Future research will concentrate on enhancing resilience in the face of changing lighting, using cutting-edge machine learning models for increased precision, and extending functionality to accommodate multi-monitor configurations. Partnerships with medical experts could also investigate its potential for therapeutic uses, like motor disability rehabilitation [6].
This study adds to the expanding field of accessible technology by bridging the gap between affordability and functionality, highlighting inclusivity and empowerment via innovation.
The Eye-Controlled Mouse System demonstrates the potential of computer vision in enhancing accessibility and user interaction [8]. By integrating fatigue detection and customizable settings, the system offers a robust and adaptable solution for hands-free computer control. Future improvements could include enhanced accuracy with 3D eye tracking, support for additional gestures, and improved performance optimization.
References
[1] Chen, W. X., Cui, X. Y., Zheng, J., Zhang, J. M., Chen, S., and Yao, Y. D. (2019) ‘Gaze Gestures and Their Applications in Human-Computer Interaction with a Head-Mounted Display’, arXiv preprint arXiv:1910.07428.
[2] Eye of Horus: Open Source Eye Tracking Assistance. (n.d.) Available at: https://www.instructables.com/Eye-of-Horus-Open-Source-Eye-Tracking-Assistance/ (Accessed: 30 December 2024).
[3] Eye-LCOS-Tracker: Low Cost Open Source Eye Tracker. (n.d.) Available at: https://github.com/asterics/eye-lcos-tracker (Accessed: 30 December 2024).
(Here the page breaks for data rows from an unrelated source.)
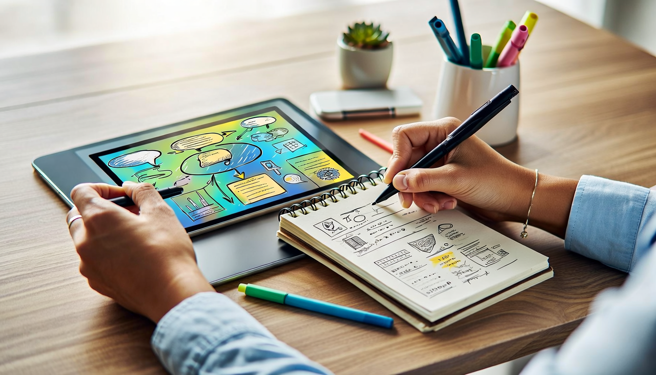 Avec les progrès technologiques, intégrer le sketchnoting dans des outils numériques est plus facile que jamais. Vous pouvez utiliser des tablettes graphiques pour créer des sketchnotes numériques, offrant ainsi une flexibilité accrue et l’opportunité d’atteindre un public plus large. En utilisant des plateformes de partage comme Pinterest ou Instagram, vous exposez vos créations à une audience mondiale.
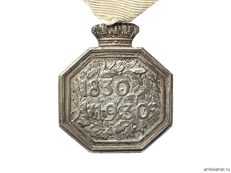 Медаль в память 100-летия бельгийской революции. Серебро, на оригинальной шелковой ленте.
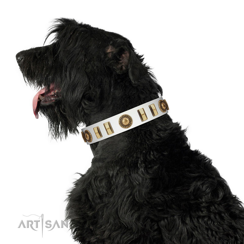 FDT Artisan White Leather Black Russian Terrier Collar with Durable Old-Bronze Plated Steel Hardware
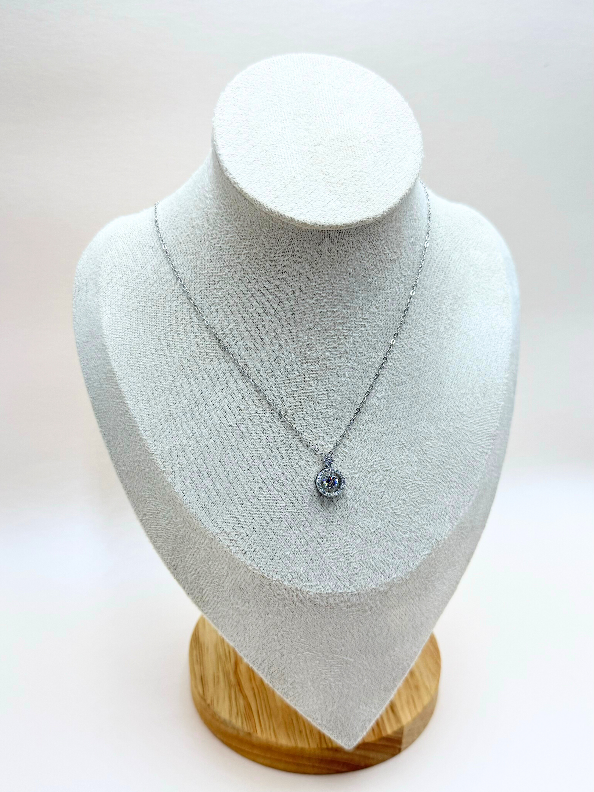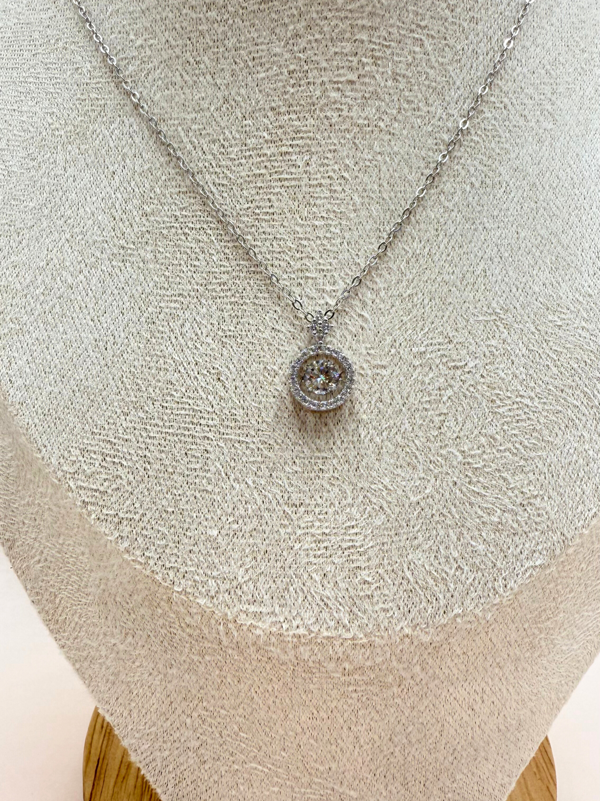 Cadena y dije de plata .925 y moissanitas en tono plateado
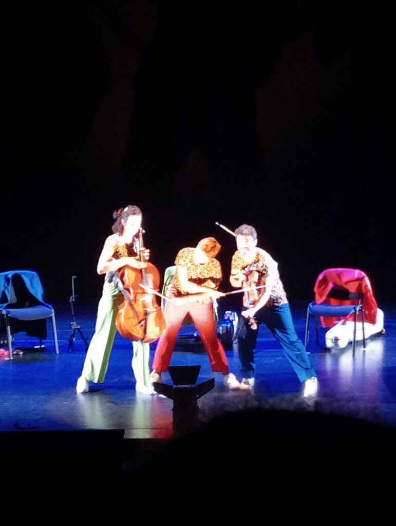Eren tres músics, dues noies i un noi, que tocaven el violoncel, el violí i el quintó, que és un instrument entre la viola i el violí. Van interpretar temes musicals des del segle XVIII fins ara. Clàssics, bandes sonores de pel.lícules, i cançons d’estils diversos fins a l’actualitat. Algunes cançons les coneixien ja que les havien treballat a les sessions de música.
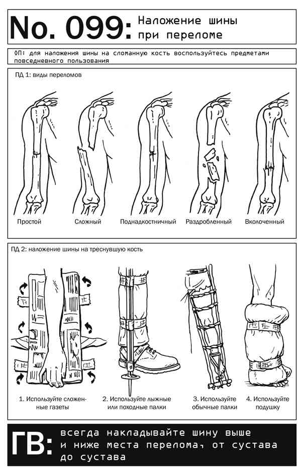 В качестве временной шины можно использовать самые разные подручные средства, в том числе сложенные несколько раз газеты, лыжи, походные и обычные палки и даже подушки. После того как вы при помощи шины выровняете конечность, дополнительно зафиксируйте место повреждения пластырем или привяжите конечность к телу: руки должны быть прижаты к туловищу, ноги — друг к другу.
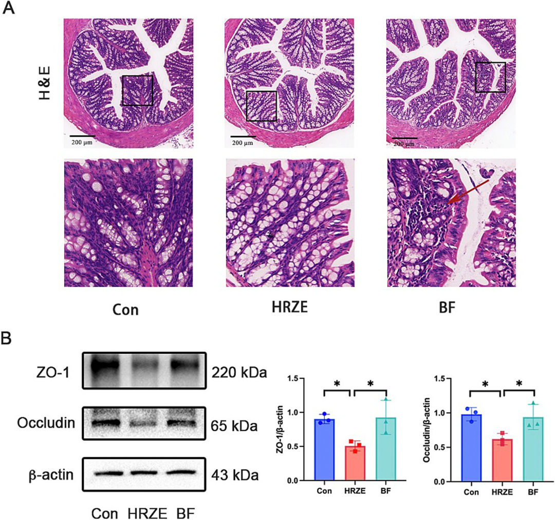 2、BF839减轻HRZE对小鼠肠屏障的负面影响
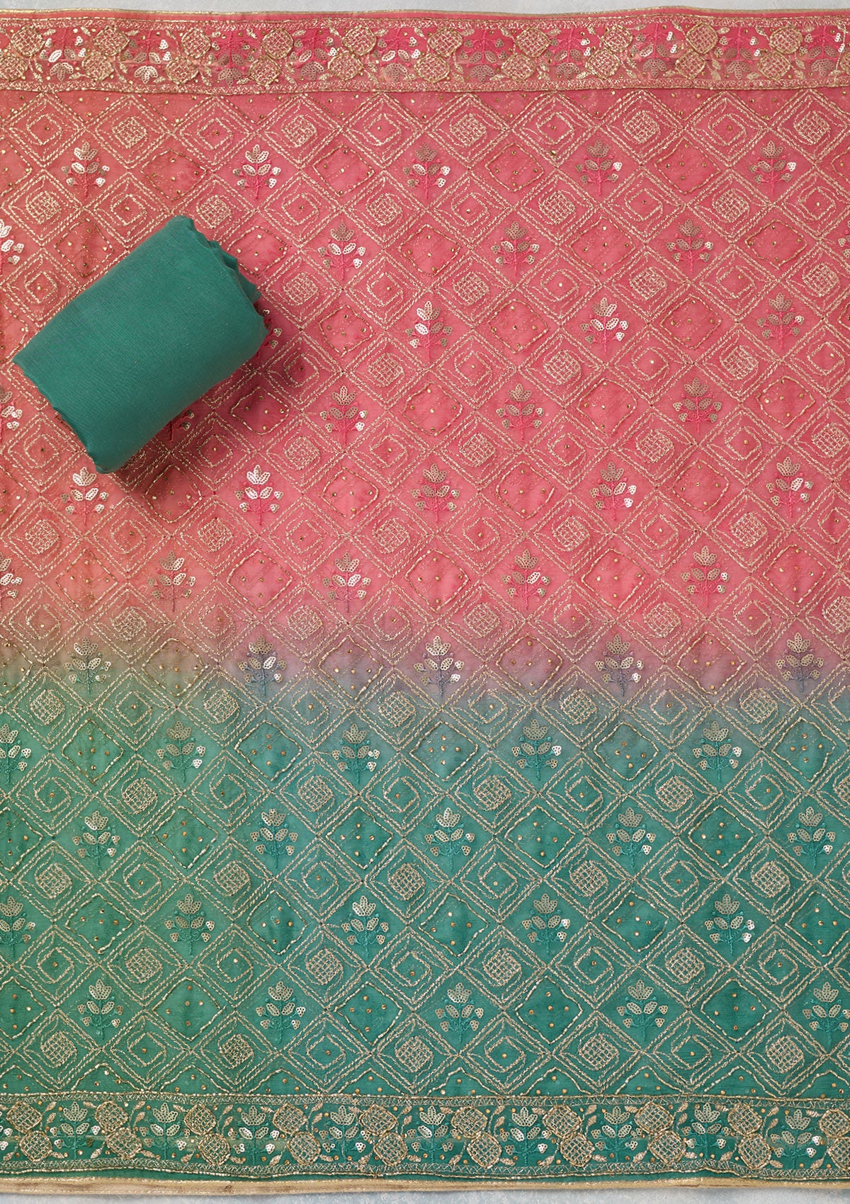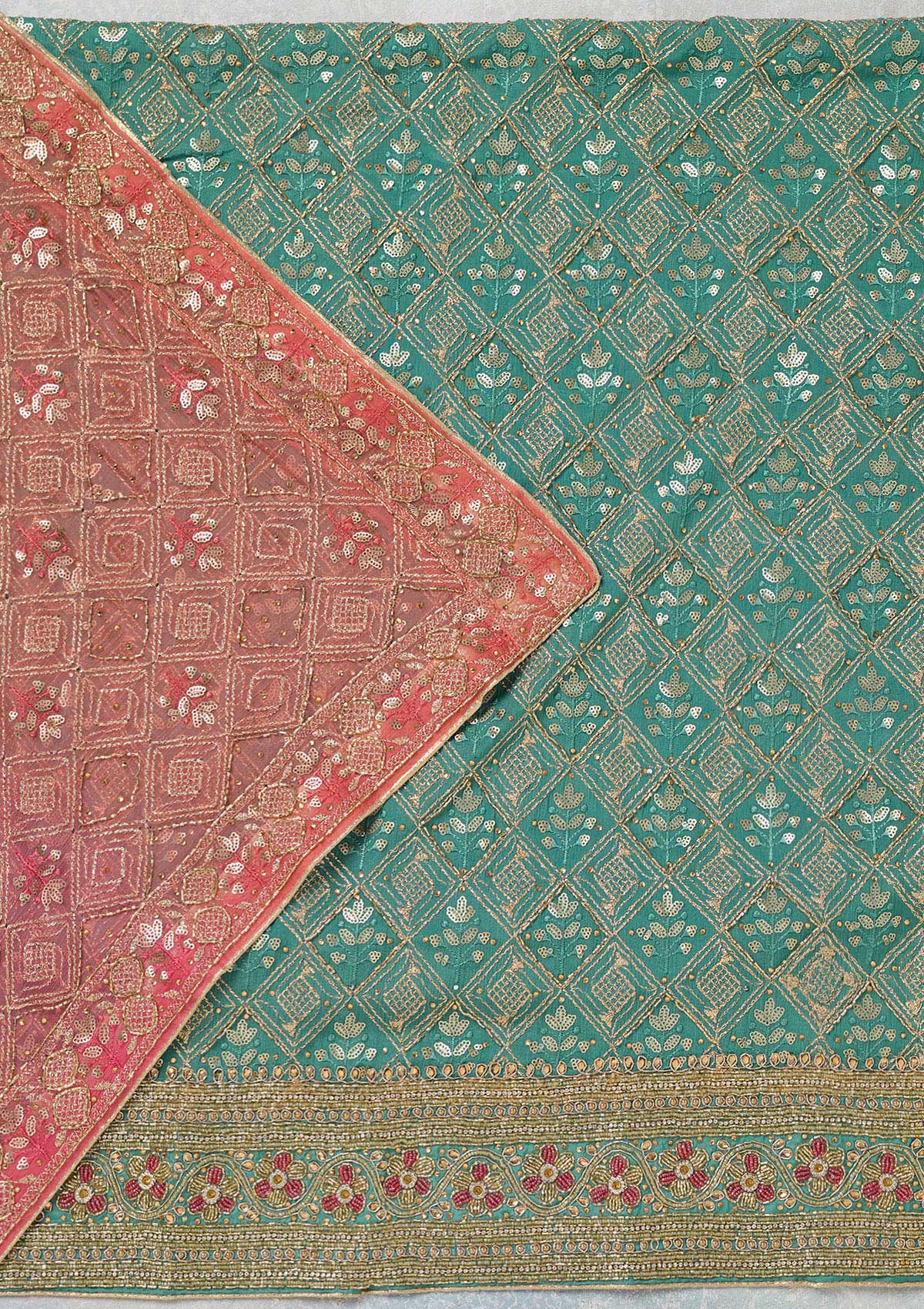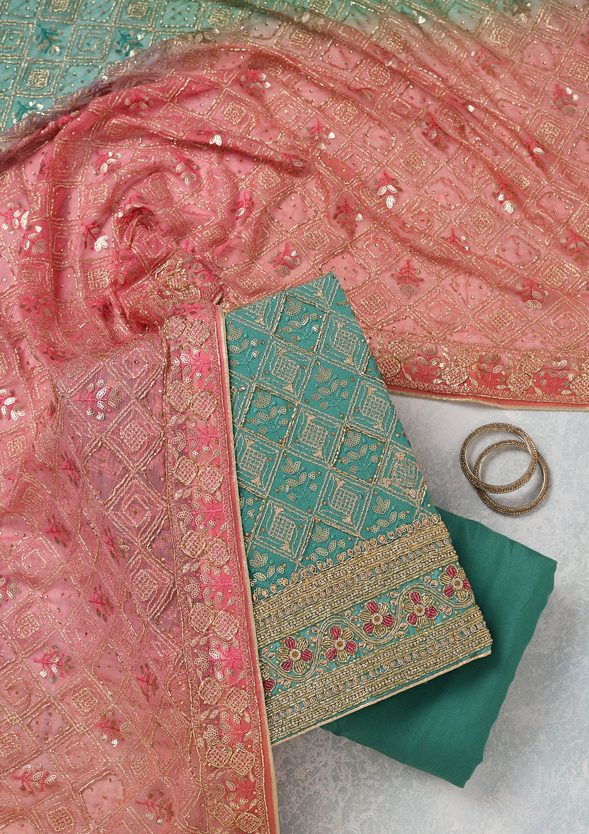 Sea Green Zariwork Georgette Unstitched Salwar Suit

[4] Jacob, R. J. K., and Karn, K. S. (2003) ‘Eye Tracking in Human-Computer Interaction and Usability Research: Ready to Deliver the Promises’, The Mind\'s Eye, Elsevier, pp. 573-605.
[5] Low Cost Open Source Eye Tracking. (n.d.) Available at: https://hackaday.io/project/153293-low-cost-open-source-eye-tracking (Accessed: 30 December 2024).
[6] Pantanowitz, A., Kim, K., Chewins, C., Tollman, I. N. K., and Rubin, D. M. (2020) ‘Addressing the Eye-Fixation Problem in Gaze Tracking for Human-Computer Interface Using the Vestibulo-ocular Reflex’, arXiv preprint arXiv:2009.02132.
[7] Precision Gaze Mouse. (n.d.) Available at: https://precisiongazemouse.org (Accessed: 30 December 2024).
[8] Eye Tracking Based Control System for Natural Human-Computer Interaction. (2017) Journal of Healthcare Engineering, 2017, Article ID 5748315.